Which is really interesting, because I was recently admiring just how much continuity matters in perfecting an art form (or really anything). Those girls in Cardinal Ballet are really something. It takes such a damn long time to get good at something, a huge amount of dedication to stick it through the rough spots to get to the point where you get good enough to enjoy doing what you do. Each year of sticking with it, each moment closer to the 10,000 hours brings a little bit more depth, a little more maturity, a little closer to perfection. It’s so hard to see in the grind, when the temptations of all the rest of life are there to seduce us away. I feel like I failed. And it breaks my heart knowing how many of these WB girls will give it up once they graduate high school.

Nowadays, when we give up on something that we’ve been doing, it feels like a great loss. Although when we’re young, I don’t think we thought of things that way. New opportunities seemed like new adventures, additional conquests that we could surmount. Although at the end of the day, maybe we realize that so many of those things seem shallow. We can spend our entire lives jumping from obsession to obsession, but what joy does that accumulate for us? Yes, at one point I was pretty damn good at DDR, but now none of my friends play it anymore, and neither do I.

One of my friends has said that TKD is for teenagers, and that ballet is for 13 year old girls, because physically that is the when one is most capable of performing in either, and it slowly goes downhill from there. Having seen septuagenarians in ballet class, elegant as ever, and guys old enough to be my father in TKD who can kick my ass, I have to disagree somewhat. It becomes love of the game that compels us to continue the more our natural talents erode.  I think our bond with the art becomes greater the more difficult it becomes. The struggles define who we are more so than the cupcakes handed us.

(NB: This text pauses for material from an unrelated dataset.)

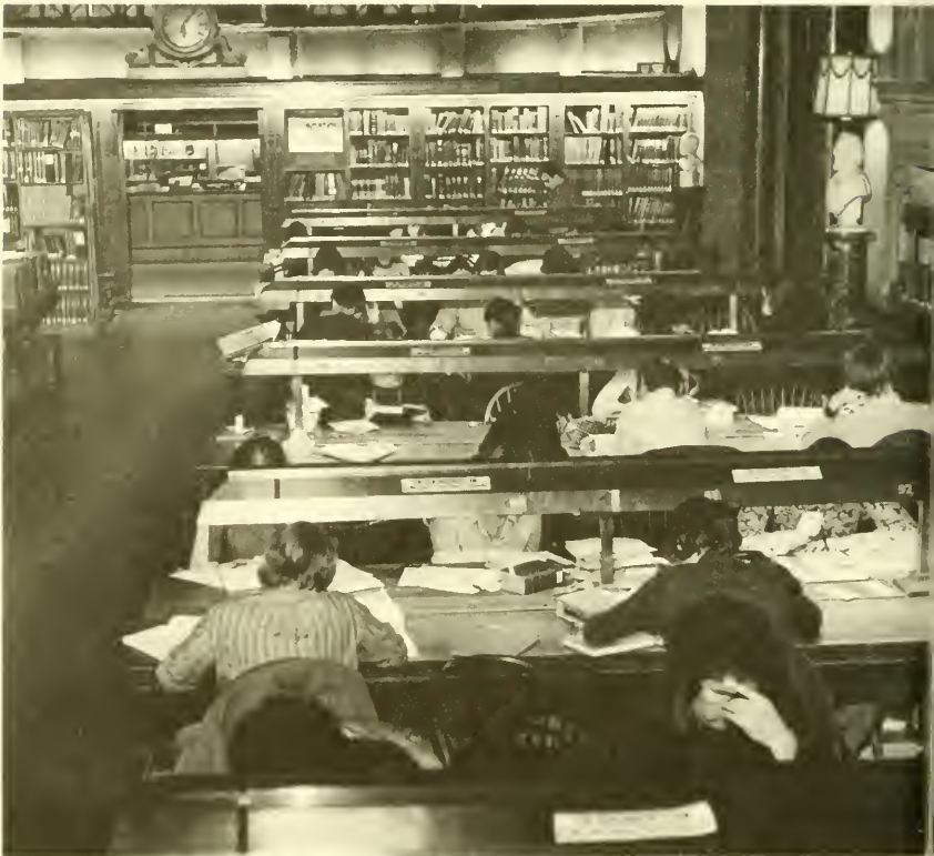
Bates Hall, the main reference room in the Research Library.

The recent increase in staff levels might make it possible for the Print and Rare Book Departments, both closed on the weekends, to be open on Saturdays. (The Rare Book Department was open on Saturdays until 1972; the Print Department has not been open on weekends for at least the past twenty years.)

?But what makes something worth doing? At my most cynical (i.e. most of the time), everything is equally futile. It’s not like we will ever reach that pinnacle of perfection that inhabits our dreams. Activities just fill up time, and ennui is our enemy. And for those who know me, they know that I don’t subscribe to the pleasure principle. It is not enough for something to make one happy to make it worthwhile. I sometimes try to convince myself that all this effort is building up to something. If it is, I hope I never achieve it.

At some point in our lives, it becomes evident that we can’t do everything that we want to do. It’s that point when possibilities must necessarily collapse, and also when we truly feel our own mortality. Somewhere in the drafts folder of this blog is a very messy post about Never Let Me Go (which, incidentally, is what I thought was the best film of last year (whereby “best” I mainly mean “most depressing”)) which I haven’t the heart to complete. I think one of the most poignant thoughts that lingers with me about the film and book is that our lives are finite, no matter how long we actually live or what our life expectancy is. It doesn’t matter how long, we will always feel the impetus of death. No matter if we live twenty or twenty thousand years, it wouldn’t make a bit of difference; we would still have regret. In my own twisted logic, I actually think they were better off, knowing what fate has in store. But the truth is that their lives are identical to ours. Only the details are different.

Only the unimaginative will have their lives turn out the way they planned. But it doesn’t hurt to be a sometimes dreamer. I guess what I want to say to the musicians is to never stop playing; to the dancers, to never stop dancing.